It would seem any company would boast if Neil A. Armstrong, the first human to step foot on the moon, had been named its chairman.
Not AIL Systems Inc., the Deer Park defense electroncs company.
Armstrong, who landed on the moon July 20, 1969, was named AIL's chairman in January, 1989, long after he left the U.S. space program for civilian life. But neither AIL nor its parent at the time, Eaton Corp. of Cleveland, made any public announcement of Armstrong's appointment. It came out during an interview an AIL executive had with a Newsday reporter on an unrelated matter.
AIL and Eaton said there was nothing secret about the appointment. It had, they said, more to do with Armstrong's long-held, deeply rooted desire for personal privacy.
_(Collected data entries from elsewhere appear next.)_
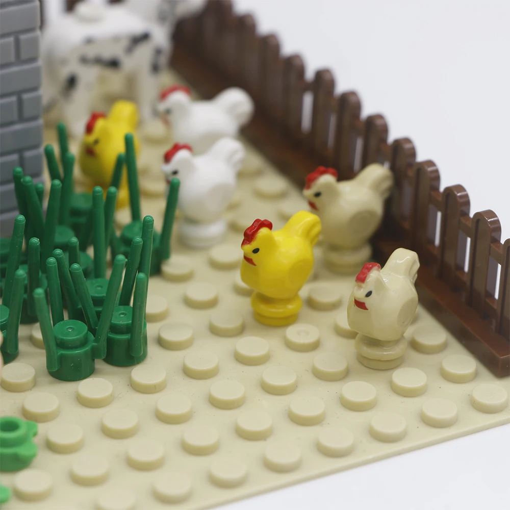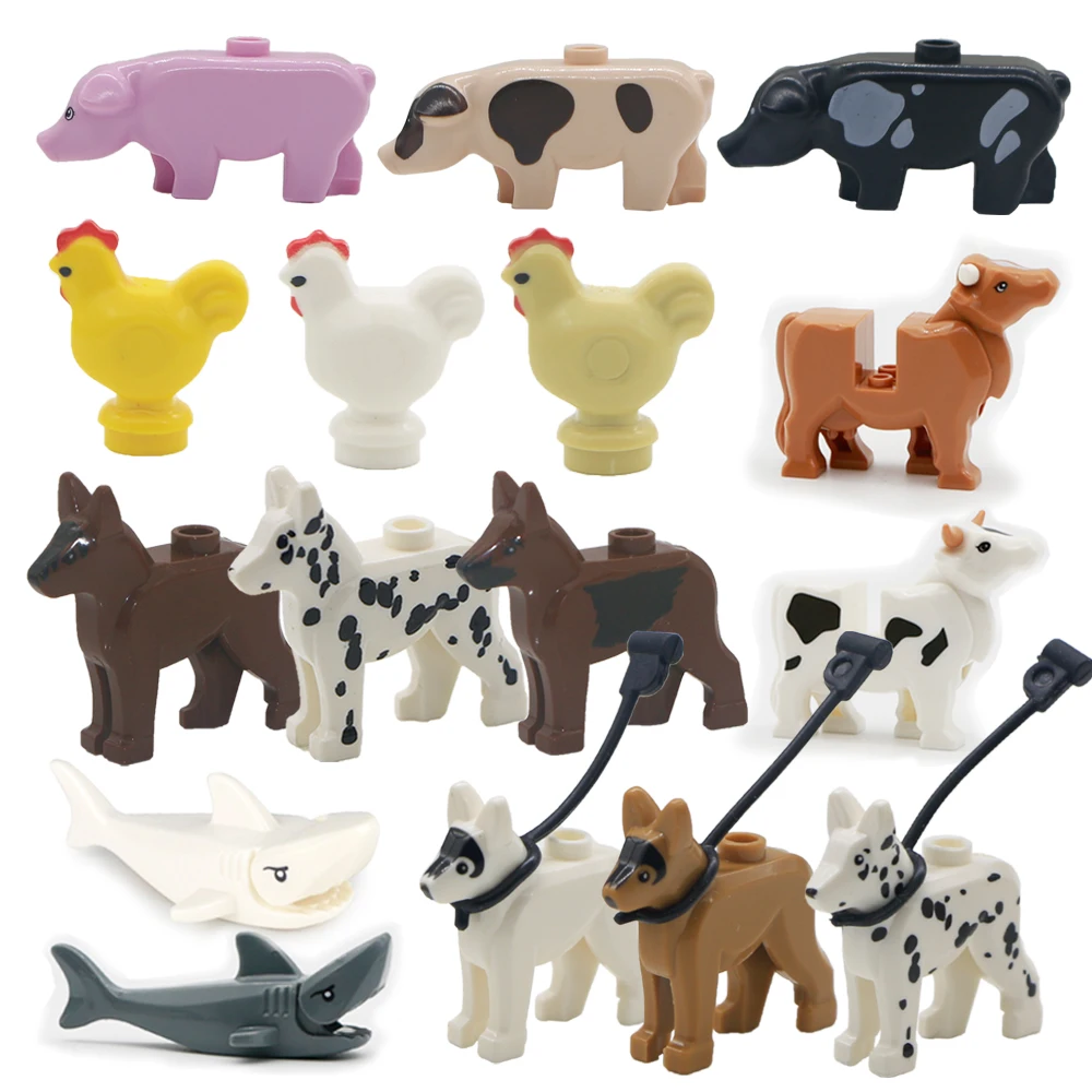 Городская курица, розовая свинья, курица, собака, гриб, городская полиция, собака, строительные блоки, печатный конструктор MOC, аксессуары для фигурок друзей, сборная игрушка
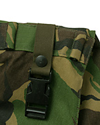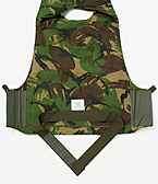 オランダ軍における90年代のDPMカモ柄ボディー・アーマーベスト。襟は廃され両肩部には付属プレート等の取り付け用と考えられるストラップ及びプラスティック・バックル(雄雌共に)付き仕様品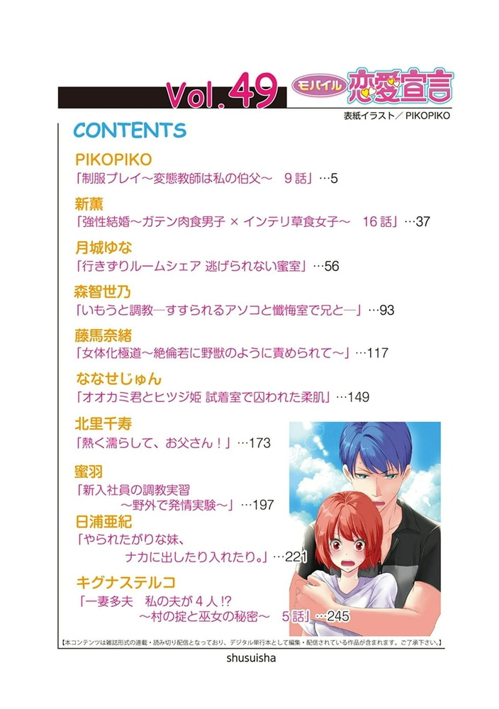 ひとつ屋根の下で二人きり 密室同棲H 連載、読み切りの人気作品がもりだくさん♪ 嫌いだったはずなのに…仮の夫への好意がとまらない!? 新薫「強性結婚~ガテン肉食男子×インテリ草食女子~」 ルームシェアメイトとHな同棲開始!? 月城ゆな「行きずりルームシェア 逃げられない蜜室」 ランジェリーショップの店員が、お客様に試着室で迫られて…!? ななせじゅん「オオカミ君とヒツジ姫 試着室で囚われた柔肌」 心もカラダも切なくなる 乙女のLOVE&Hコミック!モバイル恋愛宣言で大人気作品が登場!!(C)PIKOPIKO/新薫/月城ゆな/森智世乃/藤馬奈緒/ななせじゅん/北里千寿/蜜羽/日浦亜紀/キグナステルコ

After his historic moon landing, watched by the entire world, Armstrong retreated to the anonymity of the business world, shunning most interviews.
Armstrong, an Ohio native, had been a board member of Eaton, a company that makes auto parts and other machinery, and which owned AIL. In the late 1980s, AIL was struggling to build defense electronics equipment for the Air Force's B-1B nuclear bomber. The company's work had been sharply criticized by the Air Force and some members of Congress. Eaton asked Armstrong to take rein of the company and help it wade through its B-1B work, as well as through the company's problems with the Air Force and Congress.
AIL's day-to-day business is run by James Smith, the company's president and chief executive officer, who reports to Armstrong. Armstrong, 67, does not spend much time on the Island, appearing about once a month at AIL for board meetings. He maintains a residence in Ohio.